The mechanisms whereby living cells propel themselves across various media involve a remarkably complicated set of factors. Experiments 25 years ago sought to track the wrinkle patterns induced by cell motion on an elastic film, and thus to determine the forces underlying cellular motion, but the problem proved highly nonlinear. A later proposal was to monitor the movement of fluorescent marker beads in a soft gel that remained in the linear elastic regime, but these results were highly sensitive to input data. Most recently, cells were observed on a bed of microneedles, with the degree of needle bending used to extract the force exerted by the cells as they traveled. However, in this case spatial resolution was limited and the environment somewhat unrealistic.
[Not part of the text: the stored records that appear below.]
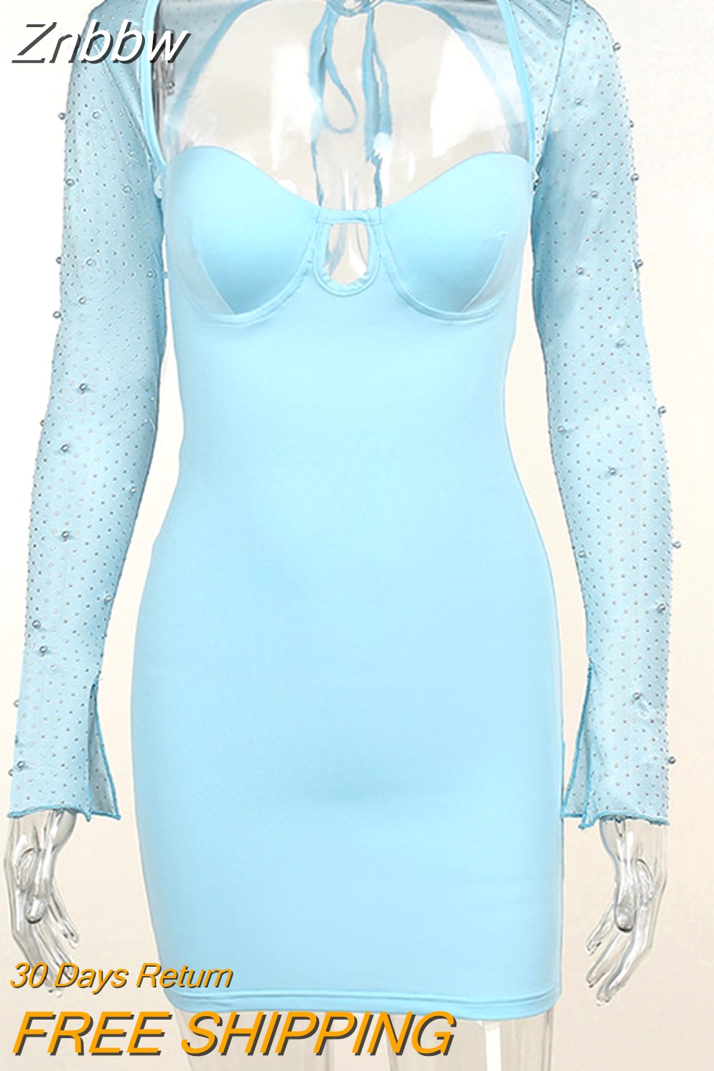 Znbbw Sexy Strapless Hollow Out Ruched Mini Dress For Women Robe Autumn Pearl Full Sleeve Bodycon Club Party Dress Vestido
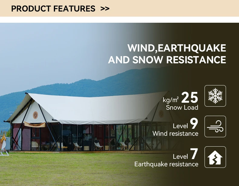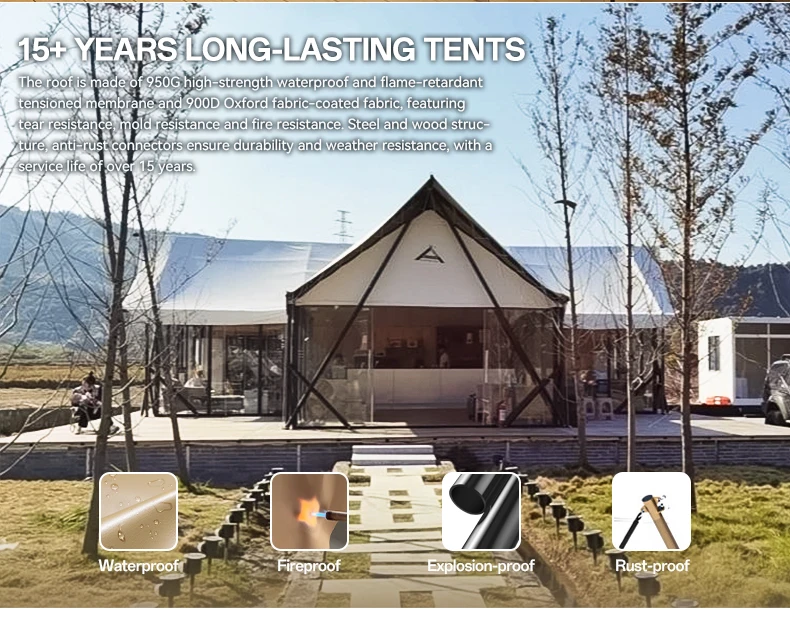 Large Scenic Hotel Tent Automatische Zelt Safari Tents All Season Easy to Set Up Outdoor lodges With Sanitairy Specification
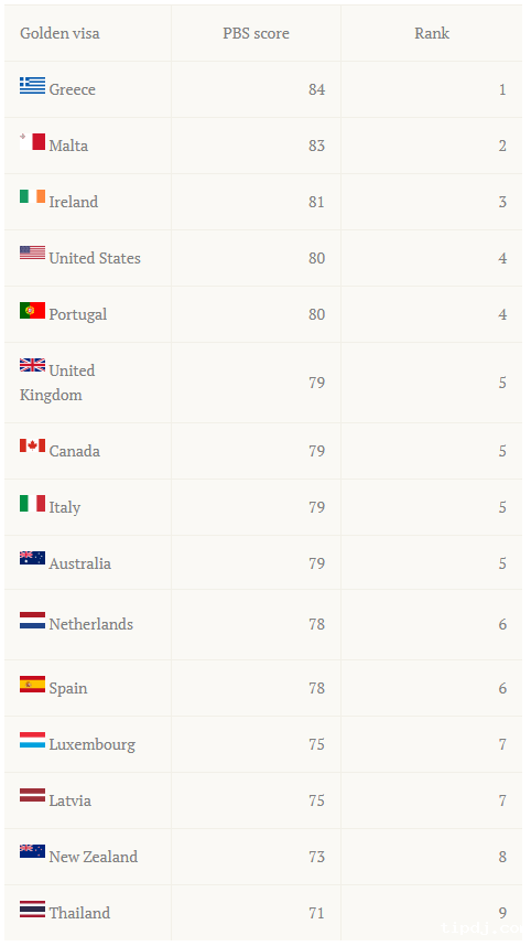 第一名希腊,原因:在2019年的黄金签证排名中名列第一,满分100分中获得84分。

Calculations in such a context, which rely on incomplete data to create a model, are called inverse problems and crop up in many fields, including geophysics, medical imaging, and astronomy. Unfortunately, solving this class of ill-posed problems is often difficult on account of their high sensitivity to changes in the data. Ambrosi presents a fresh strategy for solving the inverse problem of cell traction on an elastic substrate, employing marker data to reveal the forces that cells exert on a gel. The method uses minimization followed by numerical solution of coupled partial differential equations and may also be applicable to other similar inverse problems. — DV

SIAM J. Appl. Math. 66, 2049 (2006).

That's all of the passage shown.